Wildness
The old template for documentaries ever since the first, the silent "Nanook of the North," was that the director should take a "God’s-eye view" of his subject. That’s been upended in recent years with advocacy directors like Michael Moore and Morgan Spurlock.
Wu Tsang gives us a loving look at the Silver Platter, a seedy East L.A. dive that became over the years a haven for Latino drag personalities, but the title of his documentary betrays his own agenda. "Wildness" was the name of a Tuesday night party that Tsang and some other multi-cult hipsters threw at the Silver Platter that became trendy among L.A. fashionable self-styled avant-garde. (And yes, the party looks as obnoxious -- at least to me -- as that description.)
Way too much of "Wildness" is devoted to the endless kind of navel-gazing to which urban hipsters, from New York’s Williamsburg to San Francisco’s North Beach are all too addicted. Hey, guys, it was just a bar party, not a "movement," as one of the organizers pretentiously terms it.
The inevitable clash between the mostly non-Latino hipsters of Wildness and the drag queens -- most of them poor, undocumented, non-fluent in English and uneducated -- provides much of the dramatic tension in "Wildness." But behind this fairly unremarkable conflict -- unremarkable and inevitable in a gentrifying neighborhood like MacArthur Park -- are the "girls" and the bar’s owning family, and they give some wonderful anecdotes.
The Silver Platter’s very ordinariness -- nearly every big city with a substantial Latino population has such a bar -- gives it a kind of charm. Tsang’s use of a female Spanish-speaking narrator at the bar itself actually works much better than it has any right to, mostly because this allows him a shortcut to relating the basic history of the place without the normal verbosity of talking heads.

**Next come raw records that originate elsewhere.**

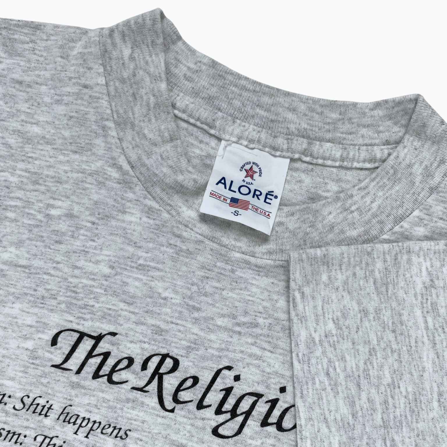 A bold religious tee from the 90s. Not sure from which religious viewpoint this tee is intended but nonetheless some hard statements across this one.
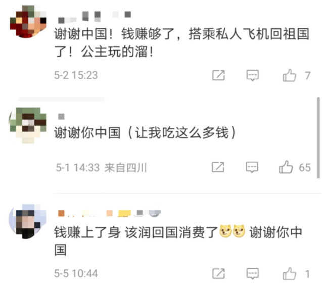 "谢谢中国!钱赚够了,搭乘私人飞机回祖国了,公主玩得溜。"
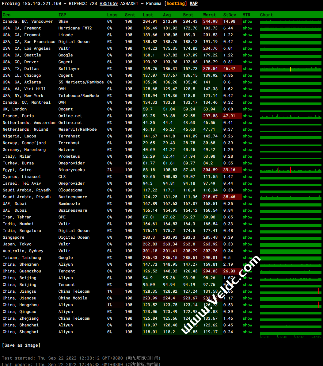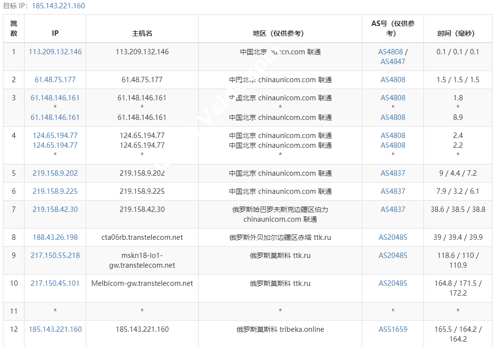 [Info] 测试路由 到 上海电信(天翼云) 中 ... traceroute to 101.227.255.45 (101.227.255.45), 30 hops max, 32 byte packets 1 185.143.220.1 1.79 ms AS51659 Russian Federation, Moscow, tribeka.online 2 * 3 * 4 145.14.89.1 1.39 ms * Russian Federation, Moscow, cteurope.net 5 59.43.246.121 70.49 ms * China, ChinaTelecom 6 59.43.184.97 134.91 ms * China, Beijing, ChinaTelecom 7 59.43.182.226 158.58 ms * China, Shanghai, ChinaTelecom 8 * 9 * 10 * 11 61.152.25.73 167.07 ms AS4812 China, Shanghai, ChinaTelecom 12 * 13 * 14 * 15 * 16 * 17 * 18 * 19 * 20 * 21 * 22 * 23 * 24 * 25 * 26 * 27 * 28 * 29 * 30 * [Info] 测试路由 到 上海电信(天翼云) 完成 ! [Info] 测试路由 到 厦门电信CN2 中 ... traceroute to 117.28.254.129 (117.28.254.129), 30 hops max, 32 byte packets 1 185.143.220.1 0.53 ms AS51659 Russian Federation, Moscow, tribeka.online 2 * 3 * 4 145.14.89.1 1.43 ms * Russian Federation, Moscow, cteurope.net 5 59.43.246.121 70.21 ms * China, ChinaTelecom 6 59.43.184.97 134.03 ms * China, Beijing, ChinaTelecom 7 * 8 59.43.131.253 144.08 ms * China, Beijing, ChinaTelecom 9 59.43.46.70 169.33 ms * China, Guangdong, Guangzhou, ChinaTelecom 10 59.43.140.34 181.61 ms * China, Fujian, ChinaTelecom 11 110.80.128.94 181.66 ms AS133775 China, Fujian, Xiamen, ChinaTelecom 12 27.148.195.94 181.97 ms AS133775 China, Fujian, Xiamen, ChinaTelecom 13 * 14 * 15 117.28.254.129 195.78 ms AS4809 China, Fujian, Xiamen, ChinaTelecom [Info] 测试路由 到 厦门电信CN2 完成 ! [Info] 测试路由 到 浙江杭州联通 中 ... traceroute to 101.71.241.238 (101.71.241.238), 30 hops max, 32 byte packets 1 185.143.220.1 6.36 ms AS51659 Russian Federation, Moscow, tribeka.online 2 * 3 * 4 145.14.89.1 1.30 ms * Russian Federation, Moscow, cteurope.net 5 59.43.246.121 69.91 ms * China, ChinaTelecom 6 59.43.184.93 126.27 ms * China, Beijing, ChinaTelecom 7 59.43.182.226 150.83 ms * China, Shanghai, ChinaTelecom 8 * 9 202.97.90.58 151.92 ms AS4134 China, Shanghai, ChinaTelecom 10 * 11 202.97.102.62 146.98 ms AS4134 China, Zhejiang, Hangzhou, ChinaTelecom 12 * 13 * 14 219.158.100.125 155.39 ms AS4837 China, Zhejiang, Hangzhou, ChinaUnicom 15 * 16 * 17 * 18 * 19 * 20 * 21 * 22 * 23 * 24 * 25 * 26 * 27 * 28 * 29 * 30 * [Info] 测试路由 到 浙江杭州联通 完成 ! [Info] 测试路由 到 浙江杭州移动 中 ... traceroute to 112.17.0.106 (112.17.0.106), 30 hops max, 32 byte packets 1 185.143.220.1 0.74 ms AS51659 Russian Federation, Moscow, tribeka.online 2 * 3 * 4 145.14.89.1 2.68 ms * Russian Federation, Moscow, cteurope.net 5 59.43.246.121 70.80 ms * China, ChinaTelecom 6 59.43.184.97 133.99 ms * China, Beijing, ChinaTelecom 7 59.43.182.226 159.55 ms * China, Shanghai, ChinaTelecom 8 * 9 202.97.90.34 162.74 ms AS4134 China, Shanghai, ChinaTelecom 10 202.97.50.173 166.64 ms AS4134 China, Shanghai, ChinaTelecom 11 * 12 * 13 221.183.54.209 224.25 ms AS9808 China, Zhejiang, Hangzhou, ChinaMobile 14 221.183.94.137 220.25 ms AS9808 China, Zhejiang, Hangzhou, ChinaMobile 15 * 16 * 17 * 18 * 19 * 20 * 21 * 22 * 23 * 24 * 25 * 26 * 27 * 28 * 29 * 30 * [Info] 测试路由 到 浙江杭州移动 完成 ! [Info] 测试路由 到 北京教育网 中 ... traceroute to 202.205.6.30 (202.205.6.30), 30 hops max, 32 byte packets 1 185.143.220.1 0.52 ms AS51659 Russian Federation, Moscow, tribeka.online 2 * 3 * 4 145.14.89.1 1.44 ms * Russian Federation, Moscow, cteurope.net 5 59.43.246.121 69.85 ms * China, ChinaTelecom 6 59.43.184.93 248.94 ms * China, Beijing, ChinaTelecom 7 59.43.182.226 214.00 ms * China, Shanghai, ChinaTelecom 8 * 9 * 10 202.97.57.150 147.69 ms AS4134 China, Shanghai, ChinaTelecom 11 202.97.87.130 145.95 ms AS4134 China, Shanghai, ChinaTelecom 12 202.97.19.14 205.86 ms AS4134 China, Shanghai, ChinaTelecom 13 101.4.117.30 246.47 ms AS4538 China, Beijing, CHINAEDU 14 * 15 101.4.112.69 205.71 ms AS4538 China, Beijing, CHINAEDU 16 * 17 219.224.102.230 207.65 ms AS4538 China, Beijing, CHINAEDU 18 * 19 * 20 * 21 101.4.130.53 206.95 ms AS4538 China, Beijing, CHINAEDU 22 * 23 * 24 * 25 * 26 * 27 101.4.130.53 206.99 ms AS4538 China, Beijing, CHINAEDU 28 * 29 * 30 * [Info] 测试路由 到 北京教育网 完成 ! [Info] 四网路由快速测试 已完成 !
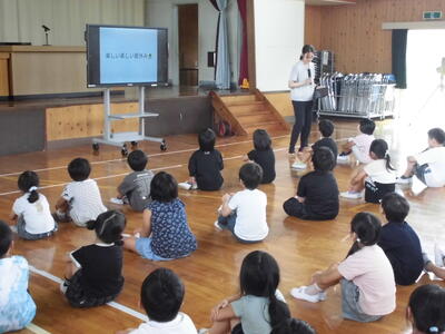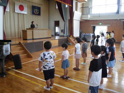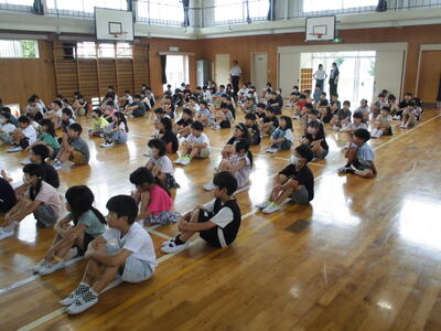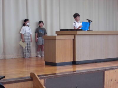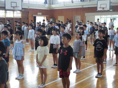 2校時目に全校生が体育館に集まり、終業式を行いました。校長の話の後、2、4、6年生の代表の子が、1学期がんばったことの発表を行いました。どの子もはっきりと発表することができました。会が終わってから、生徒指導担当の先生より夏休みの生活についてクイズ形式で話をしました。子どもたちはしっかりと話を聞いていました。安全で楽しい夏休みにして欲しいと思います。
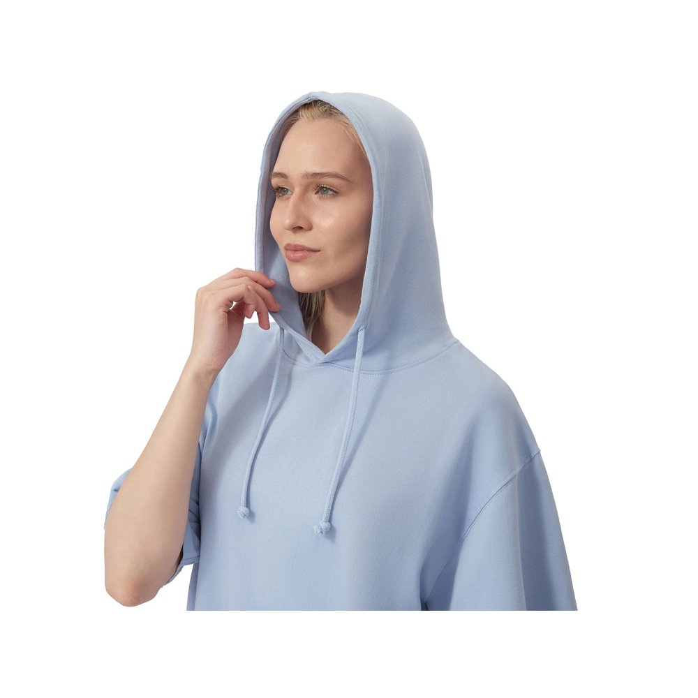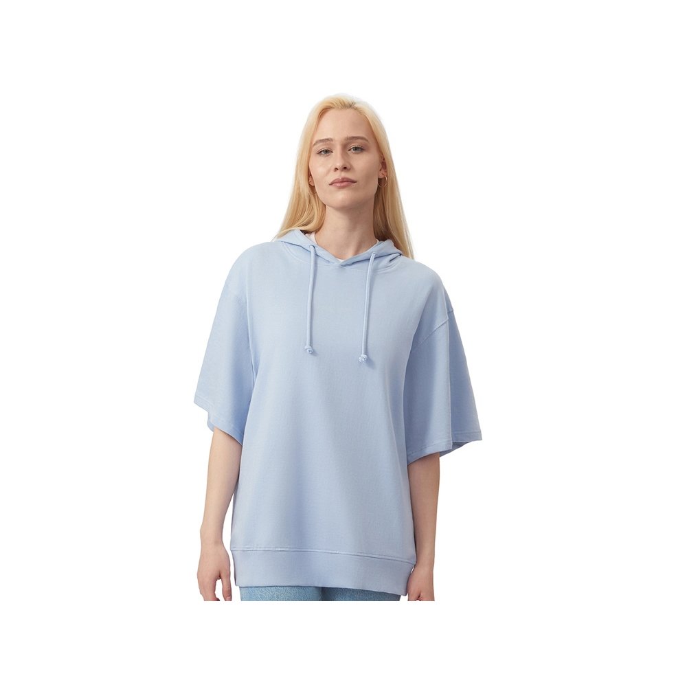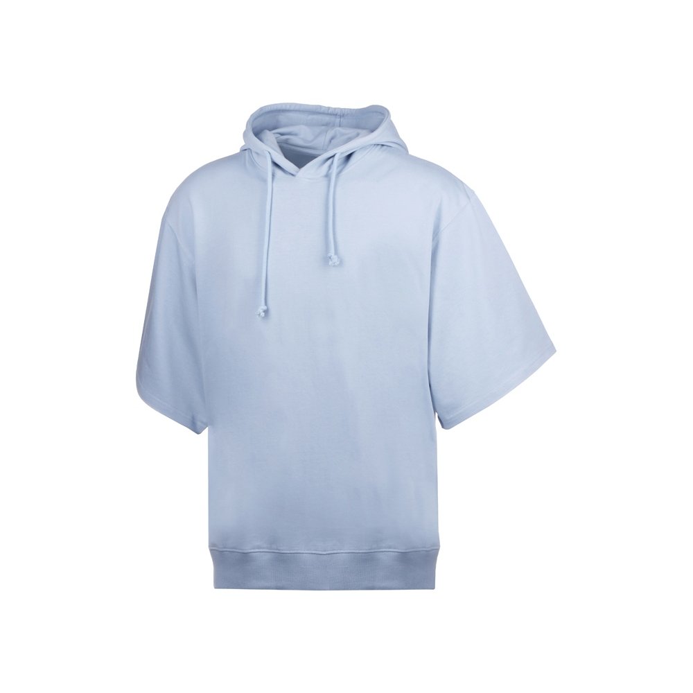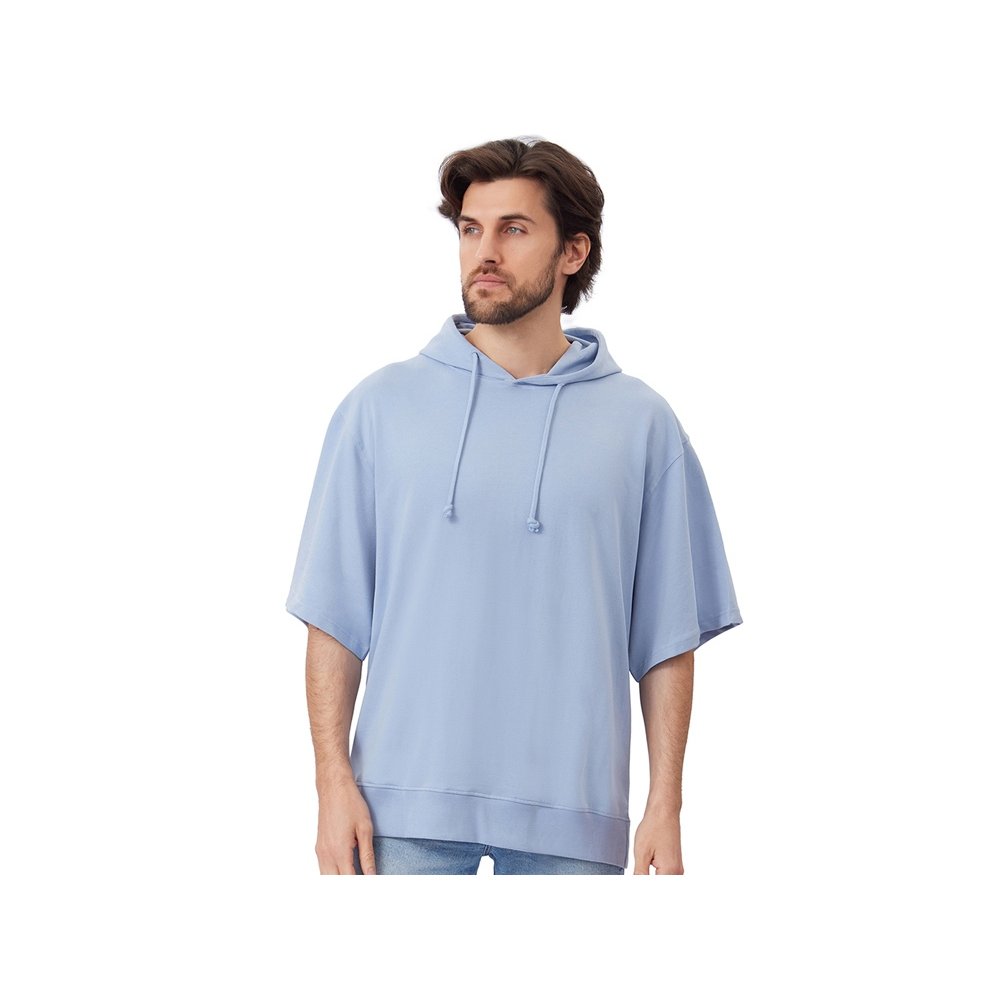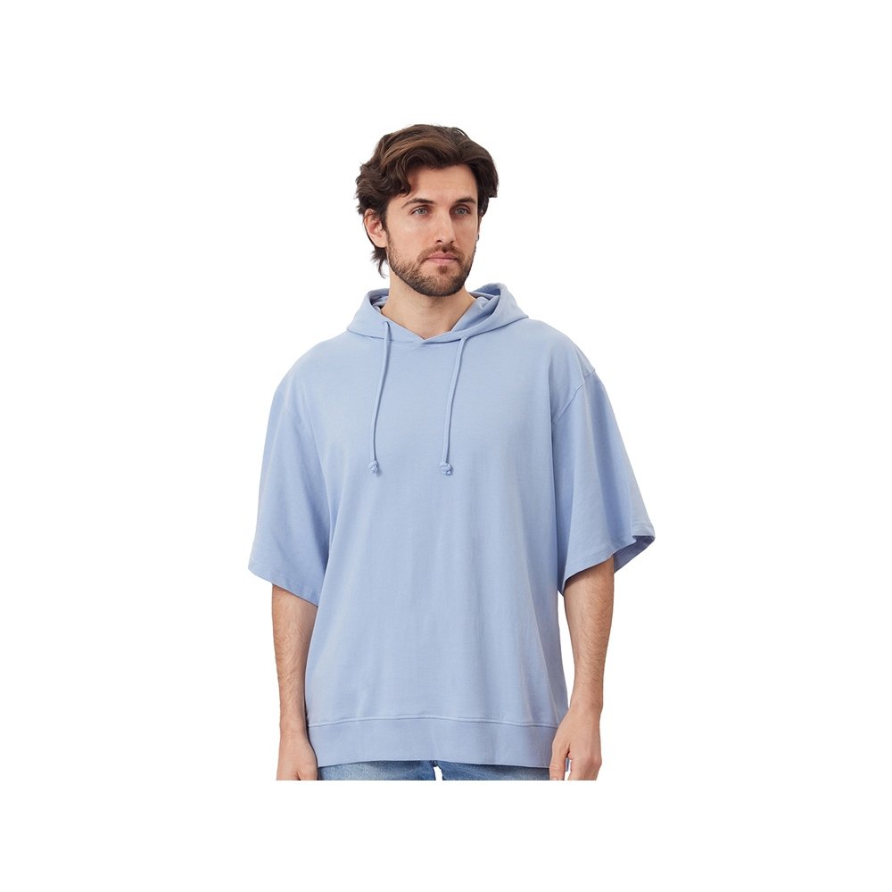 - Худи с коротким рукавом выполнено из хлопкового френч терри с петельками на изнаночной стороне. Подкладка капюшона выполнена из основного полотна для объемной посадки. Модель комфортной и актуальной посадки оверсайз отлично подходит для обычной жизни и в качестве промо мерча. - оверсайз посадка - низ обработан рибом 2х2 и дополнительно отстрочен для укрепления - мягкое и качественное полотно френч терри - увеличенная зона для нанесения из-за отсутствия кармана
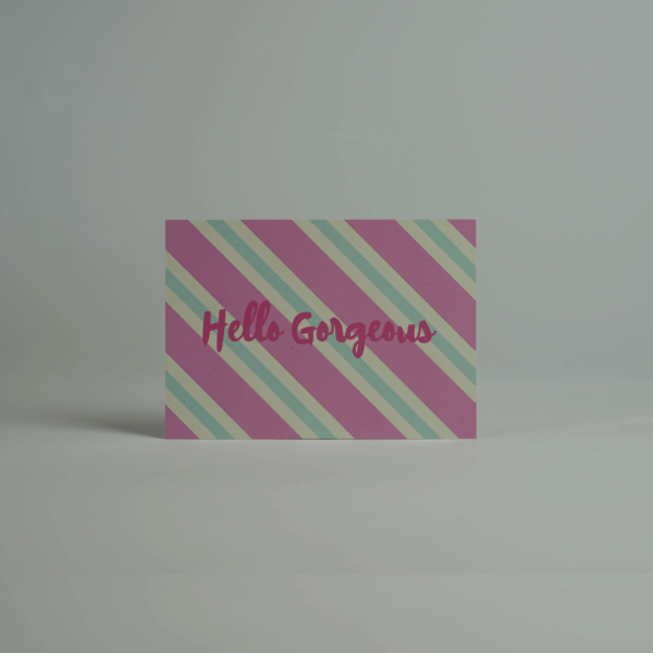 Say “Hello Gorgeous” with our elegant postcard in Candy colors. The minimalist yet eye-catching design, coupled with a stylish font, makes it a charming way to greet someone special. Send it to boost someone’s confidence or to let them know how beautiful they are, inside and out.

Where Tsang stumbles is in giving too much weight to his own party and to inconsequential "controversies," like a review of the bar in the local alt-weekly paper L.A. Weekly’s "Best of" issue, which seems to be no better or worse than the usual filler in such newspapers. Where he succeeds is in covering how the Silver Platter and its patrons react to political issues, such as the murder of a local transperson.
What really distinguishes Tsang’s work, however, is his outstanding cinematography and editing. "Wildness" is a valuable slice-of-life of L.A.’s hardscrabble working-class drag personalities. If it drags in parts, it’s still well worth a look.